# Growth Hormone: Fact vs. Fiction



## mike1107 (Jan 24, 2013)

by Mike Arnold

It is doubtful that any other performance enhancing drug has been surrounded by as much admiration, mystique, and confusion as growth hormone. Its extravagant cost coupled with its unique cosmetic and internal effects have made it one of the most sought after drugs in all of bodybuilding…not to mention one of the most faked. Among the less informed, it has often been viewed as some type of magical elixir capable of completely transforming one’s physique within a matter of months. It is not uncommon to hear comments such as “you can eat as much as you want when using GH and not get fat”…or “GH is the reason BB’rs weigh 50 pounds more today than they did in the 80’s” (of course, all other relevant factor are discounted)…or “you can never go pro without using 15-20 IU of GH”, etc. Among the initiated, a more balanced view is typically present. In truth, GH is in many ways irreplaceable.

Its ability to induce lipolysis, increase IGF-1 levels, and strengthen/heal collagen containing tissues is unrivaled, but at the same time, it is not some super-drug capable of adding 30 pounds of lean muscle to your frame, nor will it have you down to 6% bodyfat on an ice-cream and cake diet. So, is growth hormone something you should consider adding into your program? By the end of this article, that is a question you will be able to answer for yourself.

So, what exactly does GH do? In the minds of many, GH’s most effective role is that of a fat loss agent. There are two primary steps involved in the fat loss process; lipolysis and oxidation. The 1st step in the process is lipolysis, which is the release of fatty acids from the fat cell into the bloodstream, to be used as energy. The latter is oxidation, which is the burning (or oxidizing) of that energy in the form of fat, carbohydrate, or protein. GH increases the rate of lipolysis in a dose dependent basis. In other words, the more you use, the better it works….to a point. If the rate of lipolysis ever exceeds the rate of oxidation, fat loss will cease, as all newly released fat must be burned as fuel. Otherwise, it will simply be re-deposited back into the fat cell. On the other hand, oxidation will never exceed the rate of lipolysis because as soon as the body’s energy demands exceed what is provided by the food we eat, lipolysis will automatically begin to take place as a means of supplying our body with the energy it needs to function. Therefore, lipolysis is the rate limiting step in the fat loss process.

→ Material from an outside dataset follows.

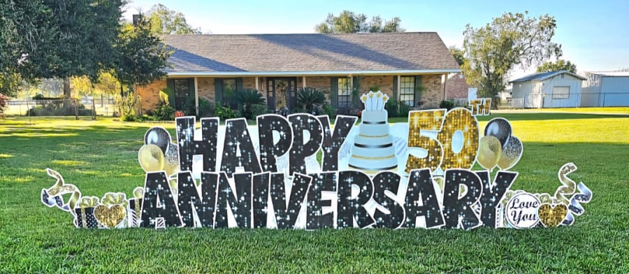 This anniversary yard card will be two rows high, making sure everyone in town knows love is still going strong! All the images on our website show our actual inventory, so no surprises here—just good times and great signs.

Fortunately, rarely does one reach the point of diminishing returns in regards to GH-induced fat loss, as one would have to use a very large dose of GH for this to occur. Part of the reason for this is that the body is much more likely to burn off fat which is floating around the bloodstream in comparison to fat which is currently stored in a fat cell. We know by experience that the rate of fat loss will continue to increase up to a dosage of at least 15-20 IU per day, beyond which point diminishing returns become apparent.

Generally, when using a dosage of between 3-5 IU (very little to no results will be witnessed when using less than 3 IU per day, at least not to a significant degree), it will take between 2-3 months for fat loss to become visually noticeable. At between 5-10 IU per day, results come more quickly, with visual improvements noticeable at 6-8 weeks. At 10-15 IU per day, results are rapid, with visual improvements taking place within 1 month. As with any dose of GH, the longer the drug remains an integral part of one’s program, the more fat loss results one can expect to witness over time.

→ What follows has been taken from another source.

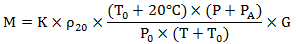 ◆輸入信號為流量(G,無補償),質量流量計算公式:M×ρ×G

GH also promotes an environment conducive to muscle growth by increasing IGF-1 levels, which it accomplishes indirectly by signaling the liver to increase total IGF-1 output. This is the primary mechanism by which GH causes muscle growth, as the GH molecule itself has little to no impact on muscle hypertrophy. As with lipolysis, GH continues to increase IGF-1 levels in a dose dependent fashion, although in terms of cost-effectiveness, one must question the logic behind using GH solely for this purpose, as one can achieve similar elevations in IGF-1 levels by using GH peptides or through administering pure IGF-1, which is readily available in today’s market for a significantly lower cost.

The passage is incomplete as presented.